The Flagship Credit Auto Trust 2021-3 is preparing to issue $377 million in asset-backed securities collateralized by loans extended to subprime borrowers.
Underlying loans in the transaction are sourced from a direct channel that refinances existing auto loans, and an indirect channel, in which the company buys auto contracts from car dealerships, according to the Kroll Bond Rating Agency. The indirect channel also represents a majority, 76%, of the loans in the securitized pool.
Borrowers have an outstanding average balance of about $19,924, which is expected to amortize over an average remaining period of 65 months, and at an average interest rate of 15.0%. Loans were seasoned for about five months, and borrowers have a weighted average (WA) FICO score of 596.
Used autos are in high demand, because the COVID-19 pandemic caused production delays that constrained the supply of new vehicles to the market. Such a market condition sets up a potential credit risk for the transaction, should production catch up and auto prices return to historic levels.
Borrowers with higher loan-to-value ratios tend to take longer to build equity in their vehicles, creating negative equity and increasing the risk of default, KBRA said. This time around, Flagship Credit Auto Trust has an LTV ratio of 114.7%, which is actually down from the 119.6% in the 2021-2 transaction.
While KBRA notes that prior transactions have had higher recovery rates, that trend might not be sustainable, and the rating agency opted to assume a 40% recovery rate, for the deal.

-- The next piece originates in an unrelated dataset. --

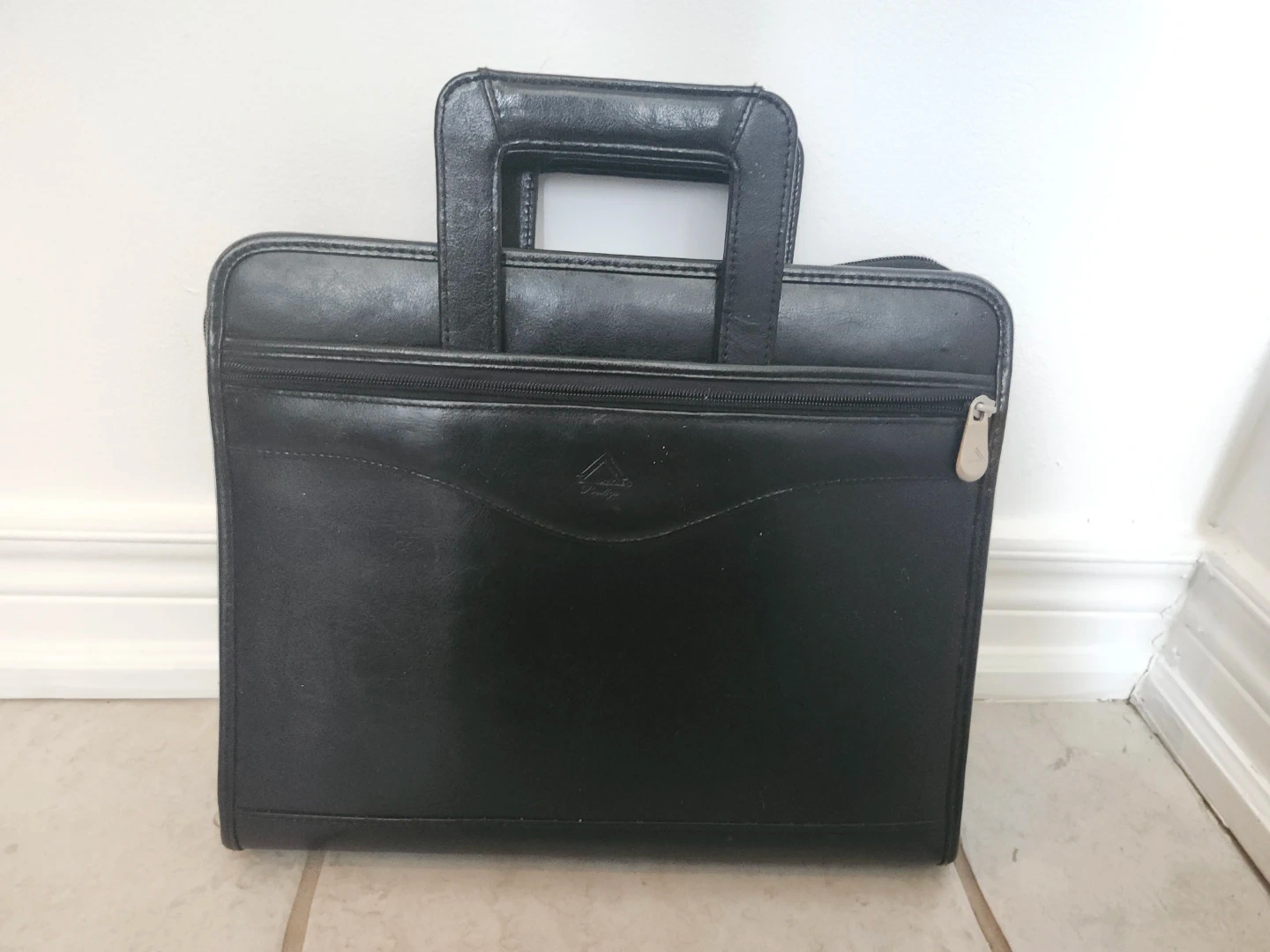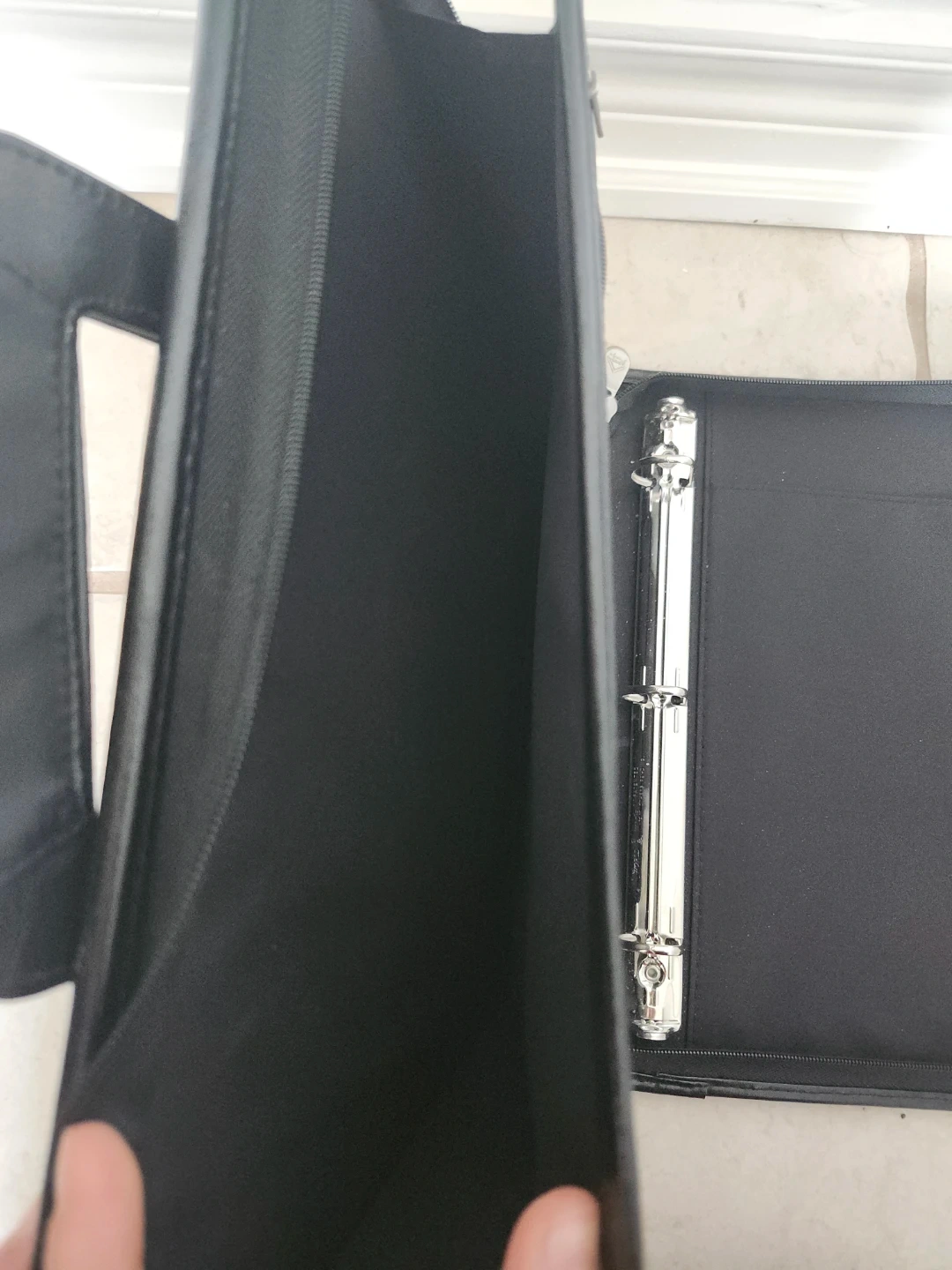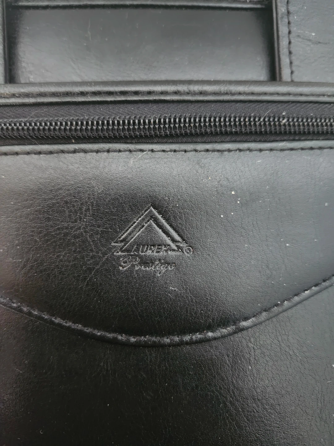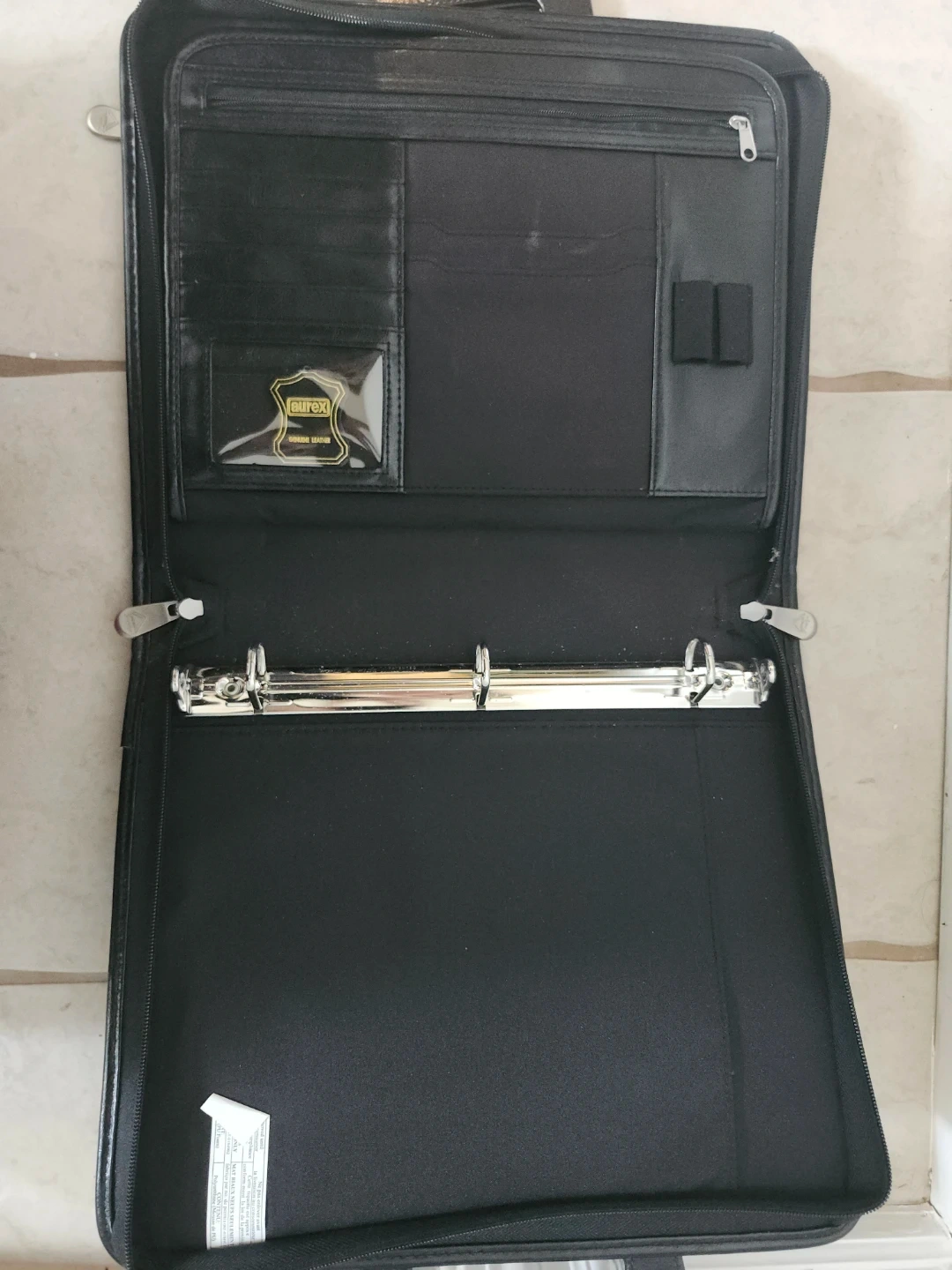 This Laurex Prestige briefcase is made of black leather. It features a zip-around closure and multiple interior pockets. The portfolio also has a 3-ring binder mechanism inside. It's suitable for carrying documents and laptop/iPad.

Similar to other consumer financing transactions, one of Flagship Credit’s potential credit issues stems from payment deferral programs or other forbearance measures that could delay payment of receivables to the trust.
Yet the trust has arranged diverse funding sources that KBRA says is sufficient to support the notes. For one, it features $103.3 million in unrestricted cash and $630 million of undrawn capacity under an $800 million warehouse facility from five major financial institutions. Further, KBRA noted that the trust has a solid source of liquidity and a funding position.
Flagship Credit Auto Trusts’s capital structure features five classes. The company’s expected rating assignments include ‘AAA’ to the $268 million class A notes and ‘BB’ $15.5 million class E notes.